Does this slow down adoption of the platform?

It changes the adoption story. Instead of 'install and your tests heal themselves', you get 'install and your tests heal themselves, with a queue of decisions to review at the cadence of your team'. Most teams find that pace easier to adopt than fully automatic, because it preserves the trust contract: green means green. Pending means the platform did something, here is what, please confirm.

How does Assrt actually implement this?

Scenarios live in your repo as Markdown. The agent (an LLM-driven loop with 18 tools, declared in agent.ts lines 16 to 196) executes them against a real Playwright browser. Every retry, every selector swap, every fuzzy match, and every timeout extension is recorded with the step number and the reason. The override file lives next to the scenario in the repo, and the assrt review CLI walks through pending decisions for batch acceptance or rejection.
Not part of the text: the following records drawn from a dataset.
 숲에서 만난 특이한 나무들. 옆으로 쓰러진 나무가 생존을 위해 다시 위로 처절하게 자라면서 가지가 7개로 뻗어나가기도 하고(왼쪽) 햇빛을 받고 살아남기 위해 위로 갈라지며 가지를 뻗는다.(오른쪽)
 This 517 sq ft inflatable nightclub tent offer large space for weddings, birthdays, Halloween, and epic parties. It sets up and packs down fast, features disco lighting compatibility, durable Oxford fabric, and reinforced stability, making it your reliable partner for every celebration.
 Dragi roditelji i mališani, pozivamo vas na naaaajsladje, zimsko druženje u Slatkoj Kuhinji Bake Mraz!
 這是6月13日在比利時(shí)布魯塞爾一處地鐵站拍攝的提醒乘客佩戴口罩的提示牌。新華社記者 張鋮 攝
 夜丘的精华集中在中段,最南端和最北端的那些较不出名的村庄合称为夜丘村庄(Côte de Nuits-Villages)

The default model is claude-haiku-4-5-20251001, named on line 9 of agent.ts, and you bring your own API key so the cost lands on your Anthropic invoice rather than a per-seat SaaS line.
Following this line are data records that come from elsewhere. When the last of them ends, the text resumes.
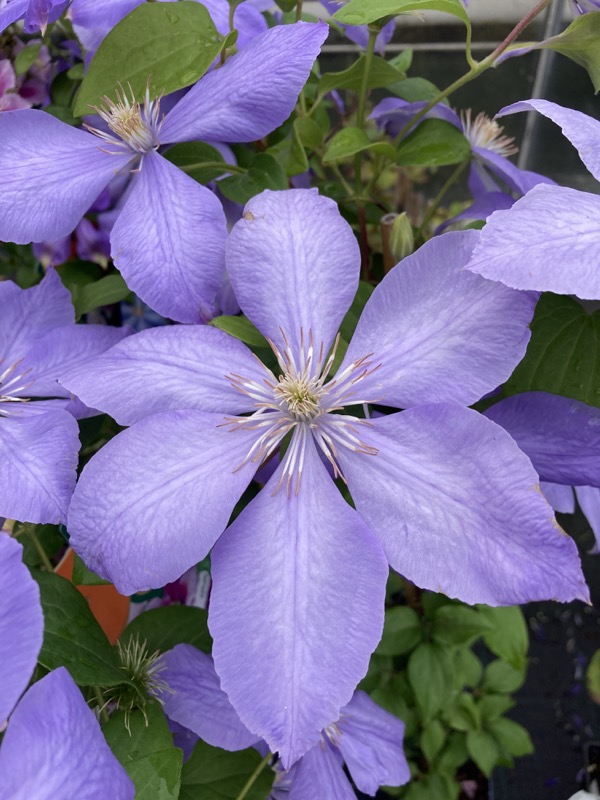 En fin sort med ljusblå stora blommor Den färgen syns riktigt bra i trädgården. Det första floret ger halvdubbla blommor. Om den skall klippas gör man bäst det efter första floret mitt på sommaren. |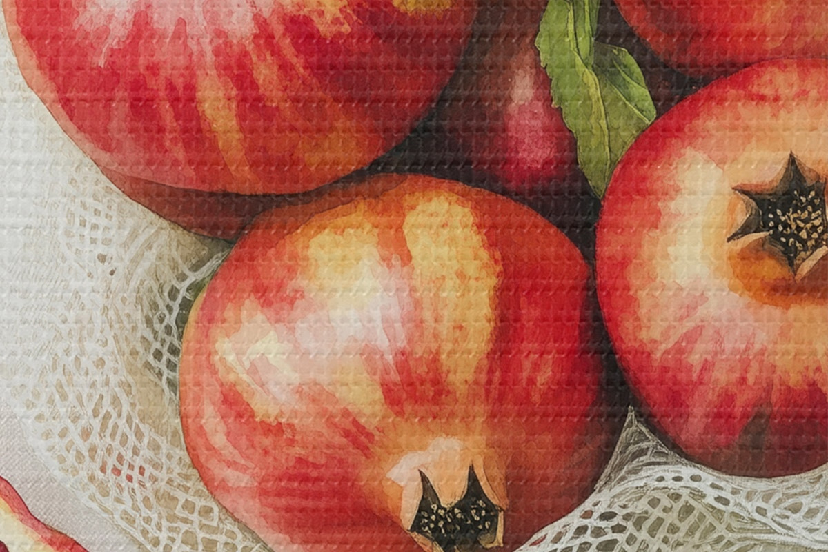 Кругла картина Гранати з листям м'яти на лляних скатертинах, сільський стиль r44611
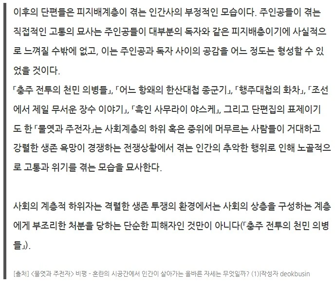 덕부신 님께서도 리뷰에서 대신 말씀해주셨듯이, 이 땅의 피지배계층이 지금도 겪고 있다는 "조국에 배신당한 애국자들의 이야기"를 써볼 생각을 아주 오래 전부터 했고, 그래서 쓴 게 이 <충주 전투의 천민 의병들>이었습니다.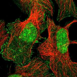 - Immunofluorescent staining of human cell line U-2 OS shows localization to nucleus, nucleoli & plasma membrane.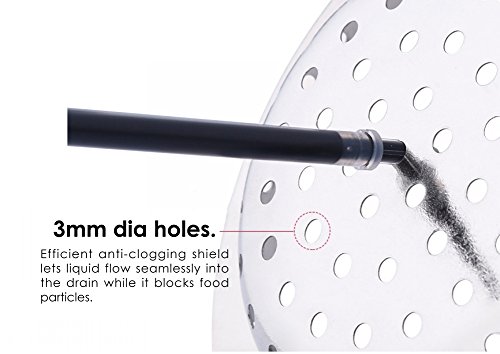 OUTSTANDING FUNCTION - 3mm dia holes. Efficient anti-clogging shield lets liquid flow seamlessly into the drain while it blocks food particles.

Where should the overrides file actually live?

In the same directory as the scenario file, committed to git, reviewed in pull requests like any other source. .assrt/overrides/checkout.json or checkout/.overrides.json depending on layout taste. The point is that overrides are part of the codebase, not part of the vendor's database. They survive a vendor migration. They survive a tool change. They survive an LLM upgrade.

What is the right CI failure semantic for a pending heal?

There are three reasonable choices. Strict: pending heals fail the build, force daily review. Lenient: pending heals show as yellow on the dashboard, allow merge but block release until reviewed. Batched: pending heals accumulate over a window (a day, a sprint), get reviewed together, are then enforced strictly. Most teams pick lenient for early adoption and migrate to strict once the heal queue is small. The wrong choice is treating pending heals as green, which silently erodes the meaning of a passing test.

How does this compare to traditional record and replay tools that 'heal selectors'?

Traditional self-heal patches the test file. The selector changes from #checkout-btn to #buy-now-btn and the next run uses the new value. There is rarely a record, almost never a review queue, and usually no override path. The trust model is 'we know better than you'. Co-create platforms invert this: 'we noticed something, we made a tentative call, you decide if it sticks'. The cost is one human moment per heal. The benefit is that green stays meaningful.

Is build vs buy still a real debate, or is the answer always co-create?

Build still wins for teams with extreme platform surface area or extreme privacy constraints; you maintain the runtime because the alternatives do not exist for your workload. Buy still wins for teams with no QA engineering capacity at all and a willingness to trust the vendor's defaults; the platform does what it does, you accept the trade. Co-create wins everywhere in between, which is most teams. The question is not whether to co-create but on which axes to draw the line. Scenarios, overrides, and results stay yours. Runtime, model integration, and tooling stay vendor.

What if our platform vendor refuses to print the model and tool list?

That is a strong signal that you cannot co-create with them, because you cannot reason about what the platform will do tomorrow. A model swap on the vendor side, a new tool added to the agent, a prompt change to the system prompt, all of these change the behavior of every test you run, and you have no audit trail. Pick a vendor whose source you can read or whose disclosures you can pin to specific lines.

How do we measure whether co-create is working?

Three numbers. First, the heal queue depth: how many pending decisions are waiting for review. Should be small and stable, not growing. Second, the override-to-scenario edit ratio: how often does a rejected heal trigger a scenario update vs a code fix. Tells you whether the platform is catching real regressions. Third, the time from heal to decision: a few hours is healthy, weeks means the queue is being ignored and green is silently degrading.